Stimulation with either LPS or poly I:C triggered autophagy in EE/ES-healthy, whereas no significant induction was observed in either EE/ES-endo or EE/ES-hydro. In EE- and/or ES-healthy, IL-1β and/or TNFα secretion after stimulation with LPS or poly I:C was significantly higher in cells with ATG13 knockdown compared with those with siRNA control (P < 0.03), whereas no significant difference was observed in either EE/ES-endo or EE/ES-hydro.
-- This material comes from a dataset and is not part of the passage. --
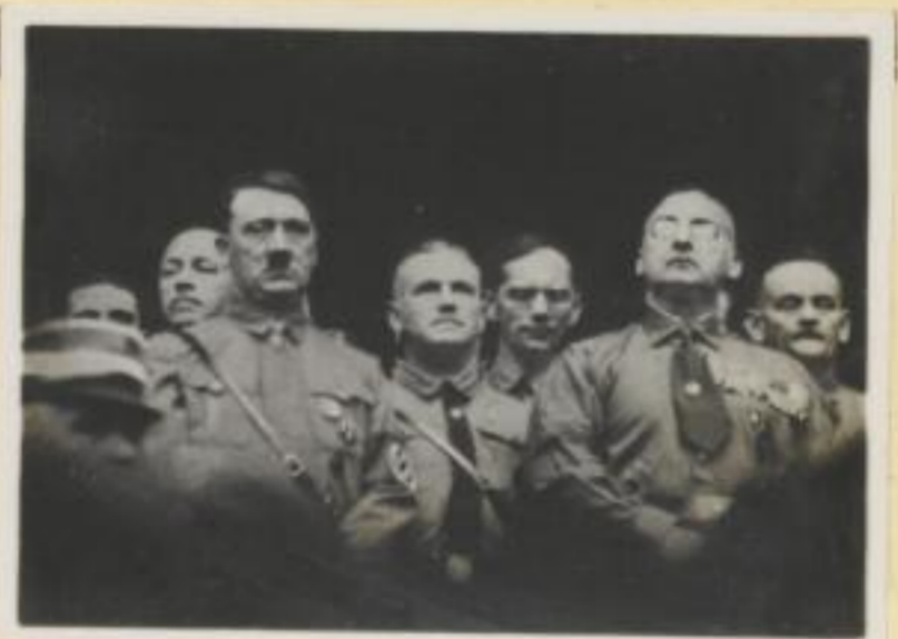
147. Der Führer und seine Getreuen in der Feldherrenhalle.

In the secretory phase ES-endo without autophagy inhibition, IL-1β and TNFα secretion were significantly higher compared with those of ES-healthy after stimulation with either LPS or poly I:C for 4 h (P < 0.001) and for 24 h (P < 0.01).

Conclusion

Pathogen-induced autophagy was impaired in EE/ES-endo. Increased IL-1β and TNFα release in response to pathogenic triggers in the secretory phase ES-endo may result in the development of an inflammatory uterine microenvironment detrimental to successful embryo implantation.

中文翻译：

子宫内膜异位症患者分泌期子宫内膜基质细胞中病原体诱导的自噬受损并增加IL-1β和TNFα释放以响应致病触发

研究问题

目前尚不清楚子宫内膜异位症患者的子宫内膜细胞中的先天免疫和自噬是否发生改变。

设计

本研究评估了脂多糖 (LPS) 或聚肌苷酸: 聚胞苷酸 (poly I:C) 刺激对自噬诱导、pro-IL-1β 表达以及白细胞介素-1β (IL-1β) 和肿瘤坏死因子-α 分泌的影响子宫内膜异位症患者（分别为 EE-endo、ES-endo）、输卵管积水患者（分别为 EE-hydro、ES-hydro）和健康可育女性的子宫内膜上皮和/或基质细胞中的（TNFα）（分别为 EE-healthy、ES-healthy)，有和没有自噬相关 (ATG)13 基因小干扰 RNA (siRNA) 抑制自噬。

结果

用 LPS 或 poly I:C 刺激在 EE/ES-healthy 中触发自噬，而在 EE/ES-endo 或 EE/ES-hydro 中未观察到显着诱导。在 EE 和/或 ES 健康组中，与 siRNA 对照相比，LPS 或 poly I:C 刺激后的 IL-1β 和/或 TNFα 分泌在 ATG13 敲低的细胞中显着更高（P < 0.03），而没有显着性在 EE/ES-endo 或 EE/ES-hydro 中观察到差异。在没有自噬抑制的分泌期 ES-endo 中，在用 LPS 或 poly I:C 刺激 4 小时（P < 0.001）和 24 小时后，IL-1β 和 TNFα 的分泌显着高于 ES-healthy。P < 0.01)。